Hey gang ... I had these tough question (IM) shelf 1 ... any help would be appreciated ....

1) 25 yo female ... no temp, pulse is 86/min, and blood pressure is 110/50 mm Hg. Had viral infection and sent home. One week later, she returns
because of continued fatigue and jaundice. Her pulse is 80/min, respirations are 12/min, and blood pressure is 110/64 mm Hg. She has scleral icterus. No heart problems.

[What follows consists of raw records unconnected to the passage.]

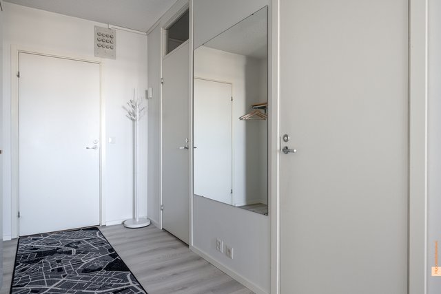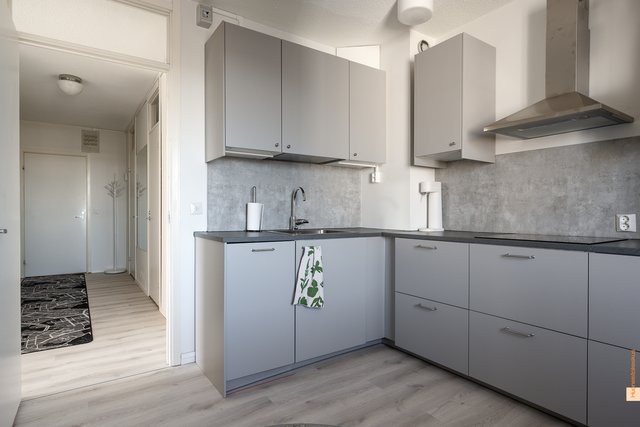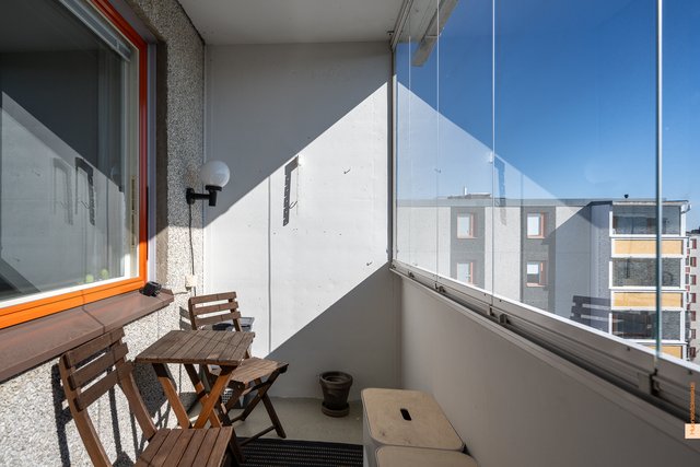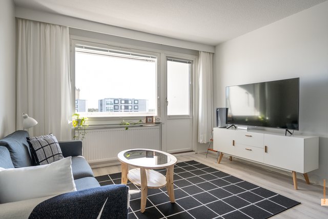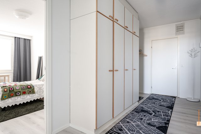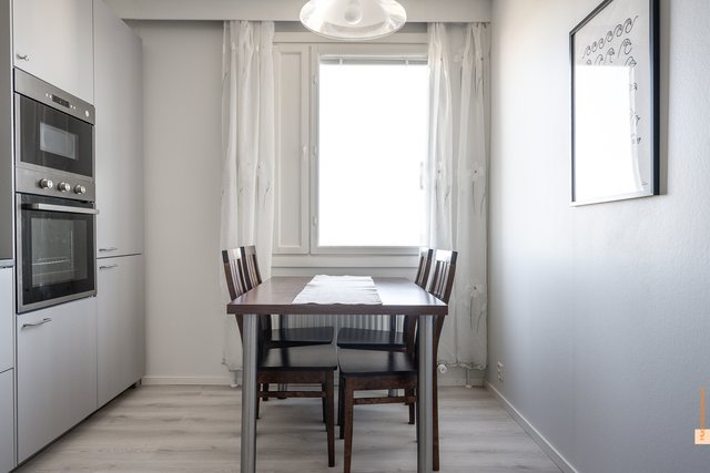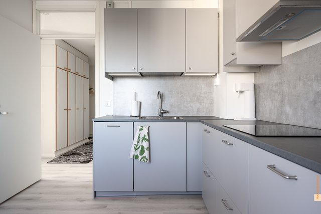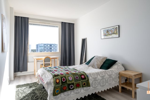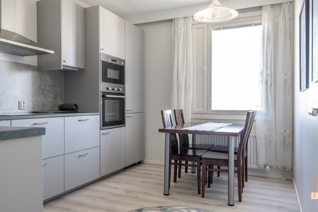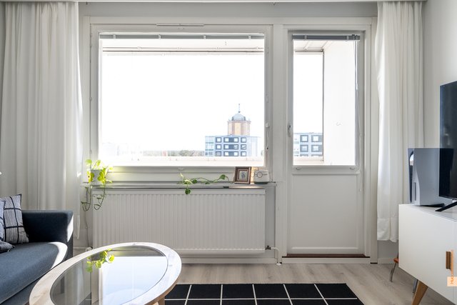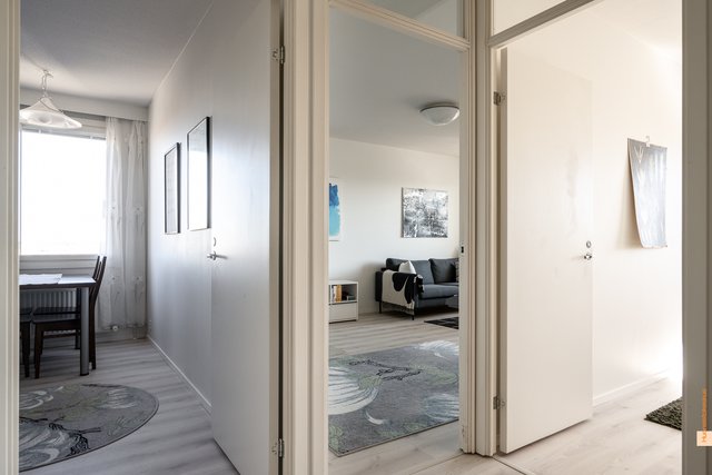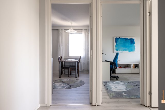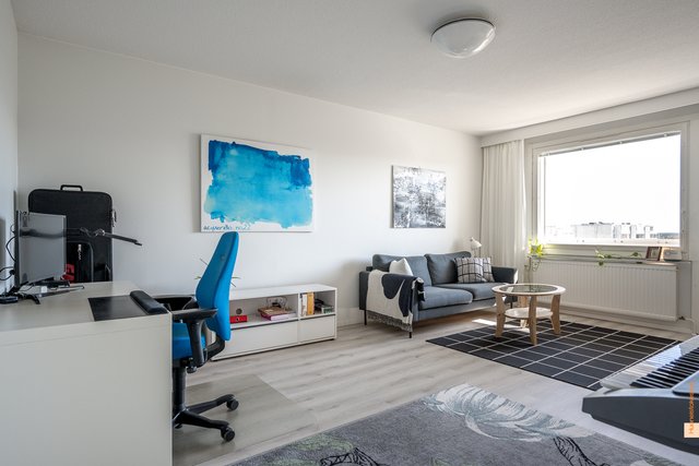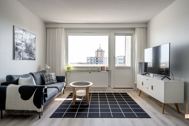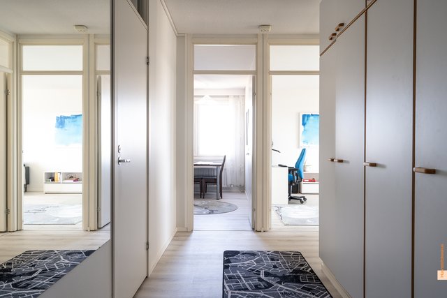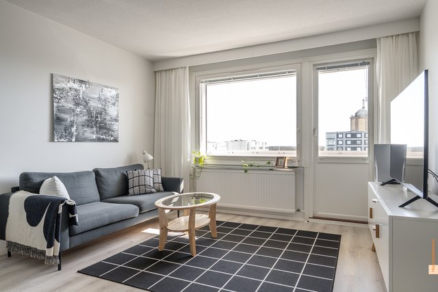 Tämä 9. kerroksen asunto on remontoitu vuonna 2024 tyylikkään ajattomasti. Lattiat ovat kestävää vinyyliä ja moderni keittiö tekee arjesta astetta helpompaa. Kylpyhuoneen kalusteet on uusittu ja näin sinnekin on saatu lisää säilytystilaa. Rakennuskannalle tyypillisesti suuret huoneet tulvivat valoa ja parvekkeelta aukeaa upeat maisemat yli kattojen.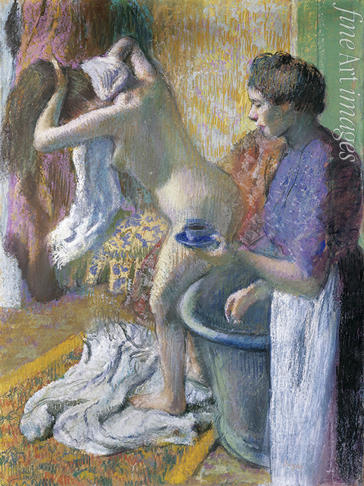 Morgen, Pastell, Nackt, Nacktheit, Licht, Farbigkeit, Dame, Nackte Frau, Am Bett, Körper, Schönheit, Impression, Frühstück, Badende, Kaffee, Bad, Toilette, Nach dem Bad, Haare, Akt, Kämmen, Impressionismus, Impressionisten, Badezimmer, Boudoir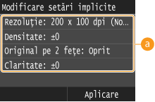 Setările implicite sunt setările care sunt afişate când porniţi aparatul sau când apăsaţi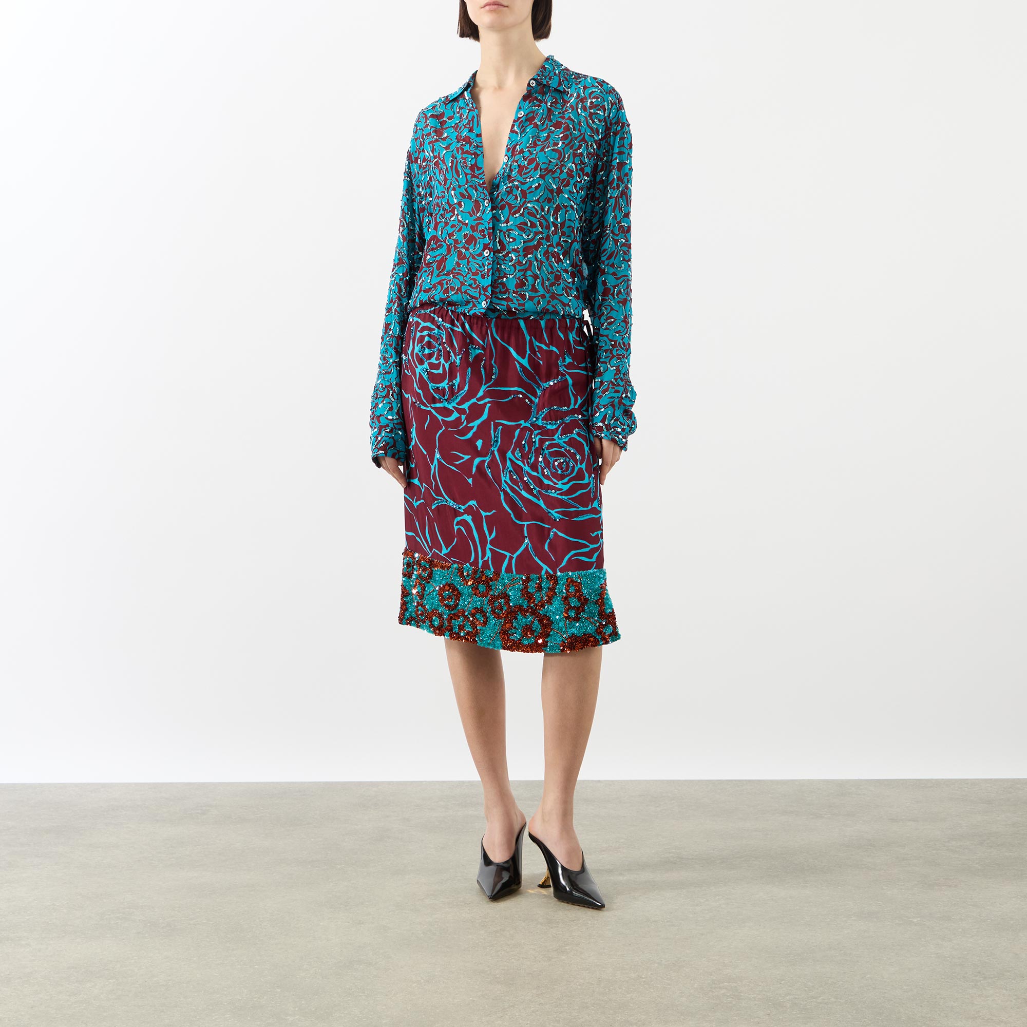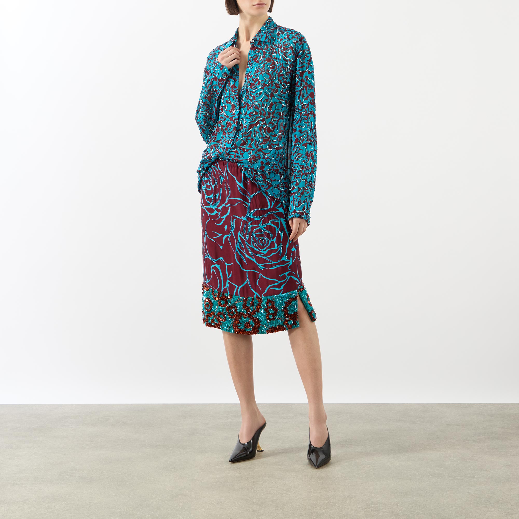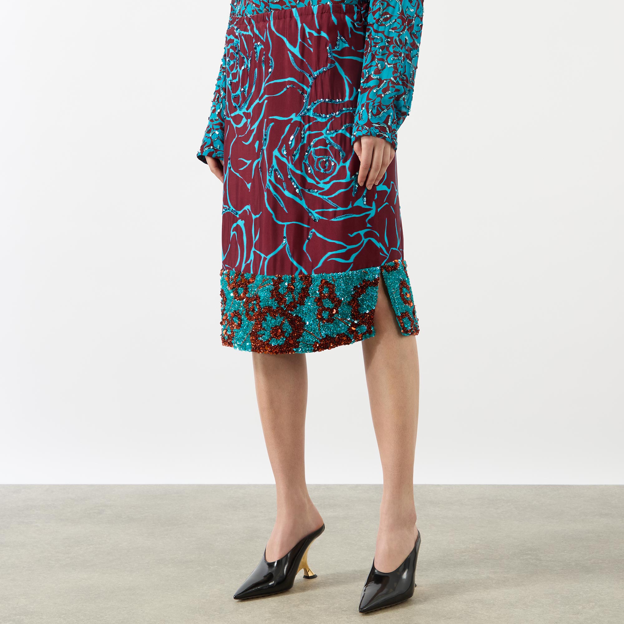 Floral motifs appear across the SS26 collection by Dries Van Noten, seen in the design of this skirt. Falling to a knee length and a column-inspired silhouette, it is finished with a sequin embellished hemline.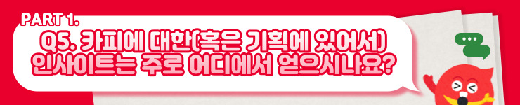 결국은 공부하는 것인데요, 세 가지로 나눠 말씀드릴 수 있겠습니다. 첫 번째는 회사 내부의 자료입니다. 회사의 경영계획, 대표이사의 신년사, 회사 매체와의 경영층 인터뷰 등에 회사의 아이덴티티가 담겨 있습니다. 핵심 키워드들과 방향을 도출할 수 있는 가장 좋은 소스이죠. 두 번째는 회사 외부의 자료들입니다. 수많은 책들과 광고들이 도처에 놓여있습니다. 상점에 붙어 있는 슬로건도 학습의 도구가 될 수 있죠. 수많은 외부 자료 중 놓치지 말 것 하나만 꼽으라면 소비자들의 여론 트렌드 관련 자료들입니다. 마지막으로 세 번째는 사람입니다. 사람과의 일상적인 만남과 대화를 통해 많은 것을 느끼고 배우게 되죠.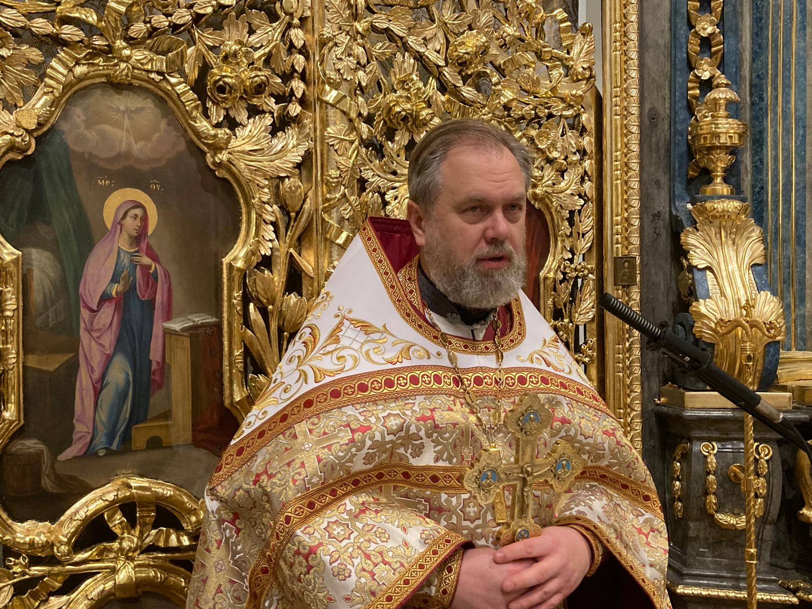 Перед выносом Святых Даров настоятель прихода иерей Димитрий обратился к прихожанам с пастырским словом на тему воскресного евангельского фрагмента.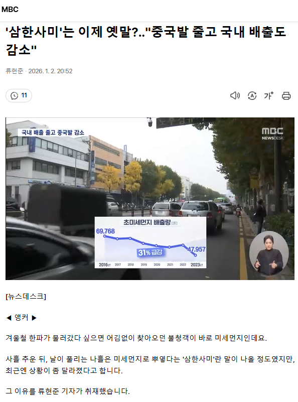 '삼한사미'는 이제 옛말?‥ "중국발 줄고 국내 배출도 감소"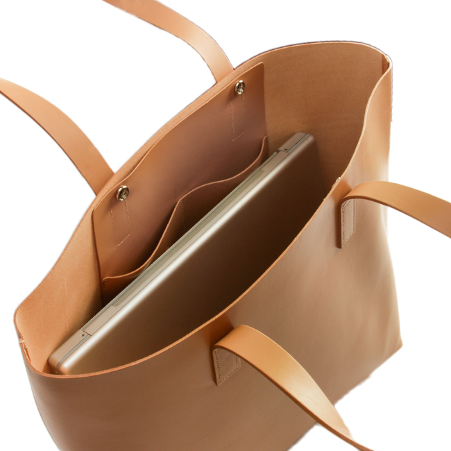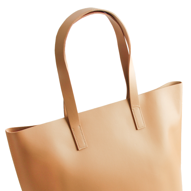 持ち手も本体と同様に牛革を使用。手持ちでも肩掛けでも程良い長さには、SLOWの経験値が活かされています。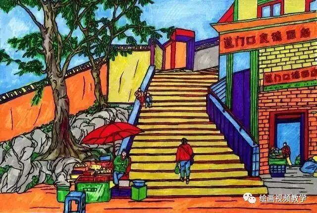 △ 道门口 彩色水笔综合 37×28cm 2015
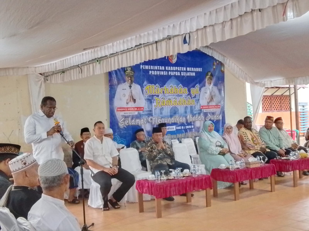 Merauke - Pemkab Merauke mengawali Safari Ramadhan 1447 Hijrah/2026 Masehi di Masjid Jami Kota Merauke, Minggu, (1/3/2026).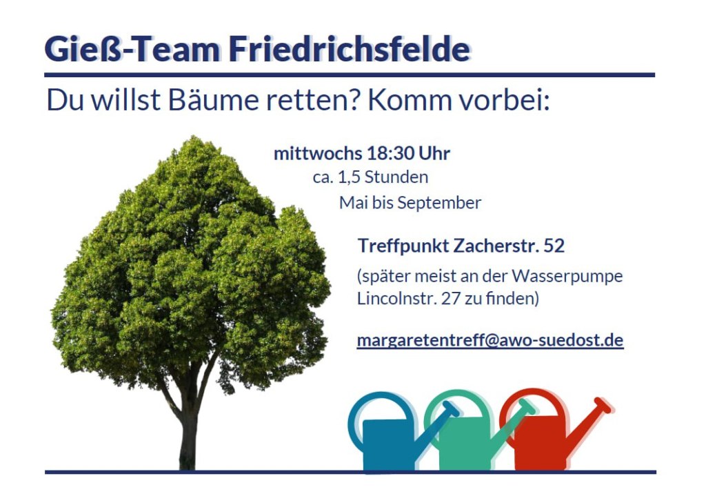 - Das Gießteam Friedrichsfelde kümmert sich von Frühjahr bis Herbst darum, regelmäßig Bäume zu gießen. Organisiert werden die Treffs (aber auch Spieleabende) über einen Telegramkanal: https://t.me/joinchat/rVjFNgOuUQpkMDNi – Treffpunkt ist immer mittwochs ab 17.30h der „Margaretentreff“ der AWO in der Zachertstr. 52. – Material wird gestellt (Bollerwagen, Kanister usw.):
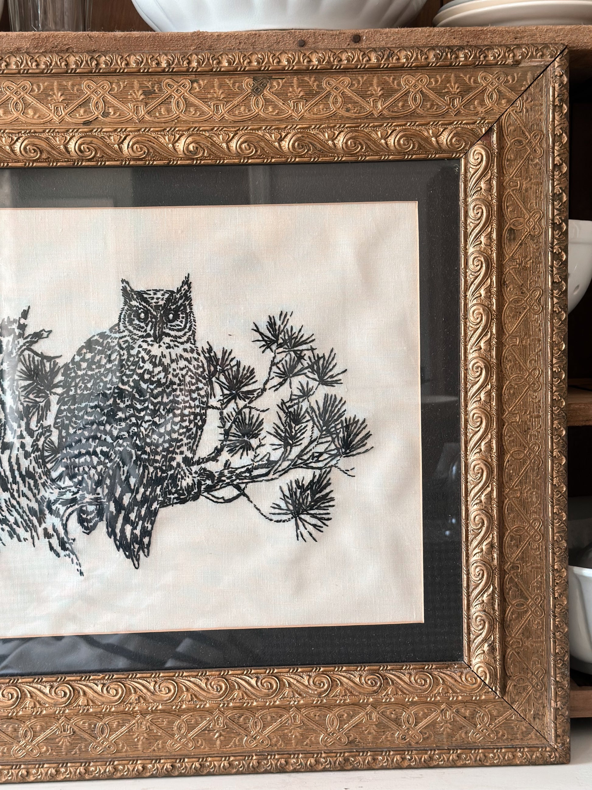 Beautiful Vintage Embroidered Owl in an Antique Frame

The liver edge is palpated 1 cm below the right costal margin and is slightly enlarged, smooth, and tender to palpation.

Laboratory studies show:
Hemoglobin Serum 13.2 g/dL
Bilirubin, total Direct 4.2 mg/dL 3.6 mg/dL
Alkaline phosphatase AST 330, ALT 270
LDH 410
It is NOT G
A) Acute hepatitis
B) a Antitrypsin deficiency
C) Biliary atresia
D) Cholangiocarcinoma
E) Choledocholithiasis
F) Gilbert syndrome
G) Glucose 6-phosphate dehydrogenase deficiency
H) Liver abscess
I) Peptic ulcer disease

2) Male, no History of serious illness, Current medications include daily aspirin. He drinks one glass or wine daily, he is oriented to person but not to place or time.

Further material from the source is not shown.